RECORDS FOR THIS TASK:
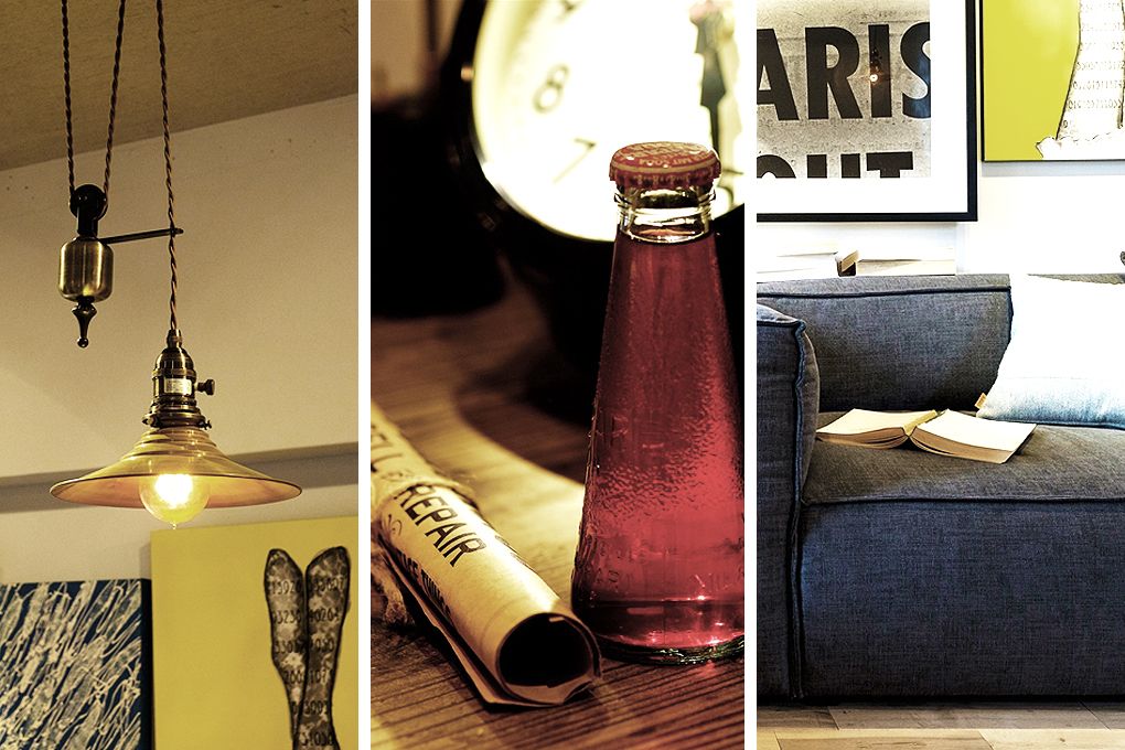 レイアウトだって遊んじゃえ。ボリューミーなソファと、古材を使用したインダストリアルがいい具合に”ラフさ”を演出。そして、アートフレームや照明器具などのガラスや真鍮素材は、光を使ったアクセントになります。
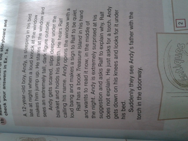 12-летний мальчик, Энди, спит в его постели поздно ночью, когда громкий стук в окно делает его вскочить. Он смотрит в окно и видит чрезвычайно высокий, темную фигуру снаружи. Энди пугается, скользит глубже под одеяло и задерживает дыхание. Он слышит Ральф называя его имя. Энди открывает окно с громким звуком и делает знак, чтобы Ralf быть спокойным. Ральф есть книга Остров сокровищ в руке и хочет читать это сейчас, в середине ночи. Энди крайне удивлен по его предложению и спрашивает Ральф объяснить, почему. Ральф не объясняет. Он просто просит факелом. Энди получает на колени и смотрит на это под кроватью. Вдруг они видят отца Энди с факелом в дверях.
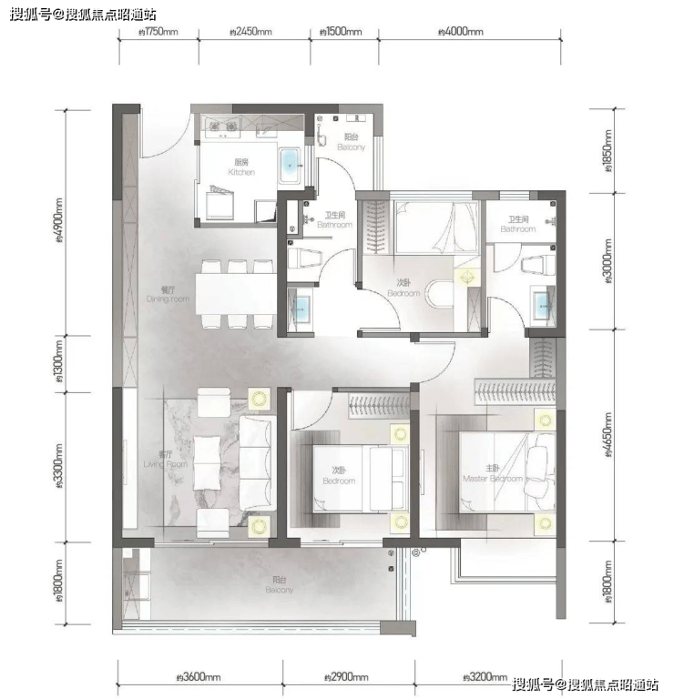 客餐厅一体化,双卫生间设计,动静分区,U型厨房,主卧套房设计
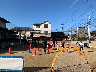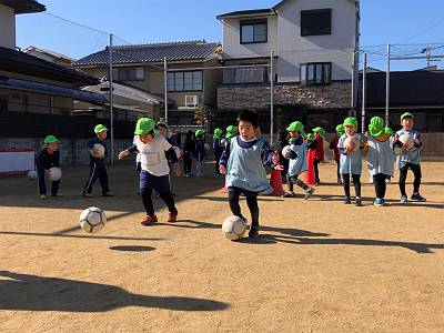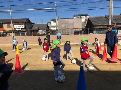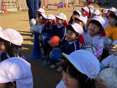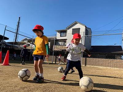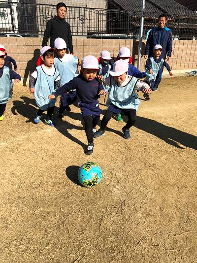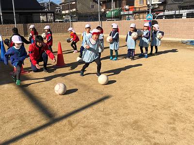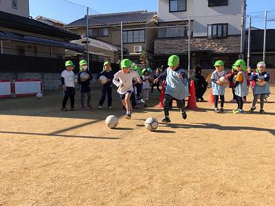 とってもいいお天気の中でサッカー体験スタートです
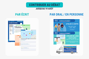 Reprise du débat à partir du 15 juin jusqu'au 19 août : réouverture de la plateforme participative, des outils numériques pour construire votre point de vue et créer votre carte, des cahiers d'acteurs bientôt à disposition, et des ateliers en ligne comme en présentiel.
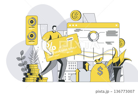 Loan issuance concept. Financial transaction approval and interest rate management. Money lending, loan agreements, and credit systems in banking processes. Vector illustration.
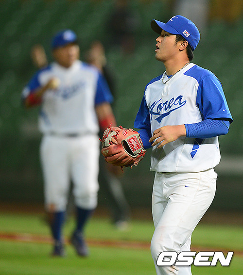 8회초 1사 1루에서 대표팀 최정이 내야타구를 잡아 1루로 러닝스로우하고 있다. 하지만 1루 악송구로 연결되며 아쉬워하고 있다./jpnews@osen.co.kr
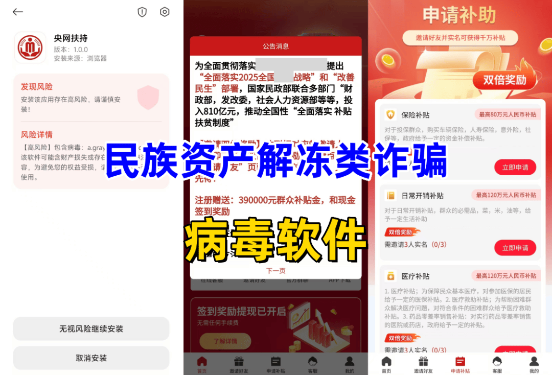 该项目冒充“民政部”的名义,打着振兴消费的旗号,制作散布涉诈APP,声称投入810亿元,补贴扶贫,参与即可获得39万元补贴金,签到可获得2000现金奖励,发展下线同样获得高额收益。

ABOUT THIS TASK:
Return only what lies between the line containing "Reprise du débat" and the last line of the listing, those two lines included, exactly as written and with no pictures.

EXERCISE OUTPUT:
 Reprise du débat à partir du 15 juin jusqu'au 19 août : réouverture de la plateforme participative, des outils numériques pour construire votre point de vue et créer votre carte, des cahiers d'acteurs bientôt à disposition, et des ateliers en ligne comme en présentiel.
 Loan issuance concept. Financial transaction approval and interest rate management. Money lending, loan agreements, and credit systems in banking processes. Vector illustration.
 8회초 1사 1루에서 대표팀 최정이 내야타구를 잡아 1루로 러닝스로우하고 있다. 하지만 1루 악송구로 연결되며 아쉬워하고 있다./jpnews@osen.co.kr
 该项目冒充“民政部”的名义,打着振兴消费的旗号,制作散布涉诈APP,声称投入810亿元,补贴扶贫,参与即可获得39万元补贴金,签到可获得2000现金奖励,发展下线同样获得高额收益。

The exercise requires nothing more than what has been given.